The risk of exposure is also higher now, noted Russell, with no protective measures, such as masking or distancing, in place, and the dominant strains being the highly transmissible Omicron variants. So while some people didn't get infected before, even if they didn't have a good immune response, because they weren't exposed, he believes more vulnerable people will get sick and die.

Shift in goal

Furness believes the first point of uncertainty in the province redefining protection is that while people maintain "really good protection" against severe illness and death after two doses, effectiveness "wanes down very low" when the measure is symptomatic infection.

"Both measures matter, but they're different," he said.

Similarly, data shows a third dose provides "noticeably better long-lasting protection" against severe illness and death, and protects against infection, but only for a brief period of time before it fades again.

"So I think … part of the problem is, what's the goal of the vaccine now? It used to be to prevent transmission and it's not very effective at doing that unless you continue to get boosted," said Furness.

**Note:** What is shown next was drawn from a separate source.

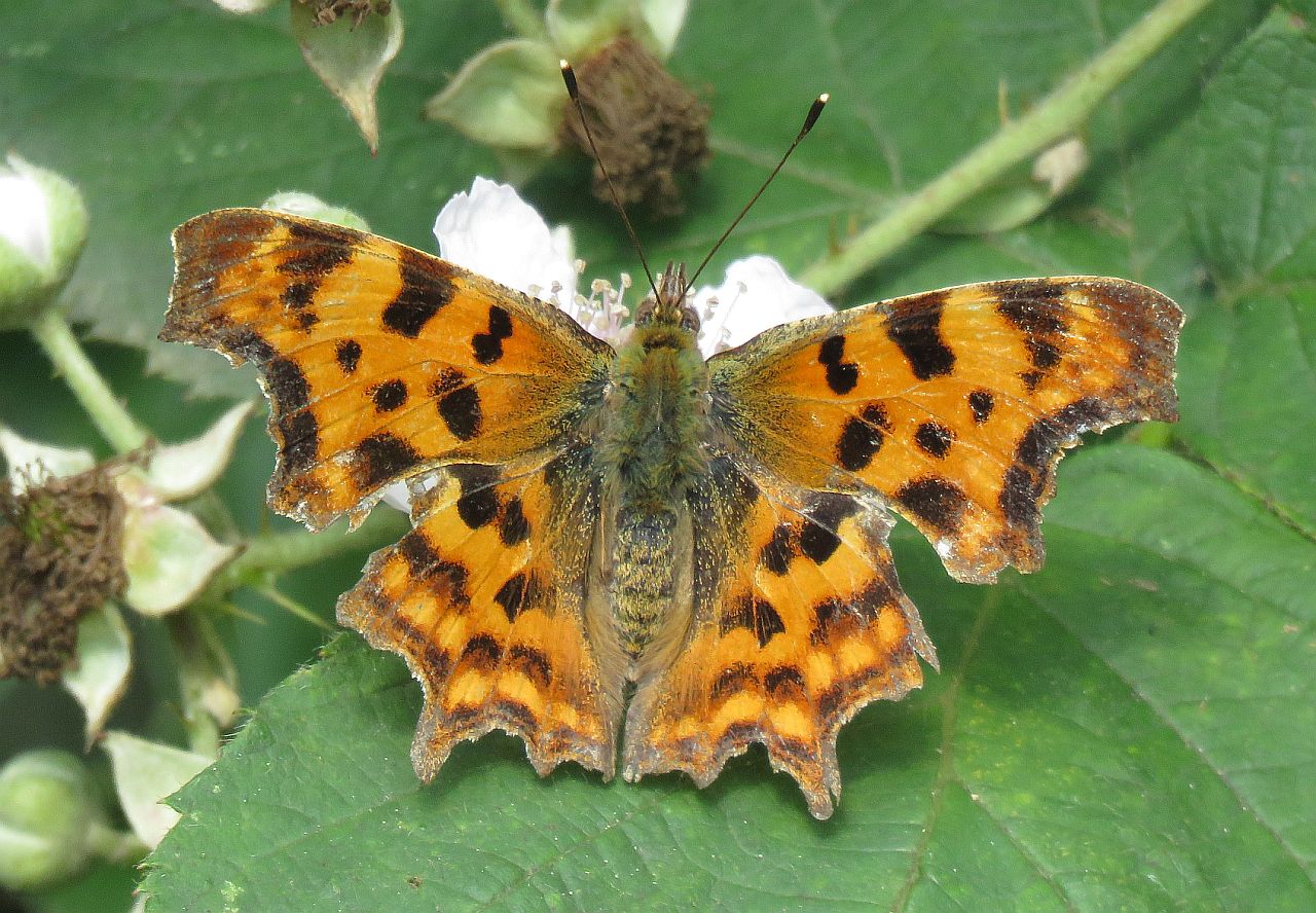 Seen during the Balsam pulling along the Emm in Area 3 this morning were Comma Polygonia c-album and Meadow Brown Maniola jurtina .

"So scientifically, logically, we would either say this is a three-dose vaccine, in terms of the jump in improvement performance after a third booster for long term effects."

Or "we could … say that this is a vaccine you need to subscribe to, and you need to have a booster, it looks like about every three months, if you want to maintain maximum protection against infection. That's politically unpalatable," he said.

Furness believes that's why the province is still studying the issue.

"They're not waiting for more data," he said. "I think they're trying to figure out what to do politically that is going to minimize political harm.

"And I don't like that because I think while they're dithering, we're actually maximizing health harm."

That harm, he said, is "everyone's belief that they're fine, that they're 'protected,' in finger quotes, and that we don't need to do anything else."

That has led to "massive" transmission of COVID-19, hospitalizations, an estimated 10 to 15 per cent of the workforce off sick, a labour shortage which is partly driving inflation, and deaths, said Furness.

"So we've got social, health and economic consequences that are horrible."

Furness recommends the province consider adopting the "fully vaccinated" terminology and define it as having three doses, regardless of whether they're monovalent or bivalent vaccines. That would mean focusing on preventing severe illness and death from COVID, he said.

While Furness would like to see the province focus on preventing transmission as well, he contends that would require multiple measures, such as indoor air quality improvements and at least some masking mandates.

"In terms of policy, it's pretty hard to defend compelling frequent boosters when we're not doing anything else to stop transmission, because those boosters on their own, they just won't be effective," he said.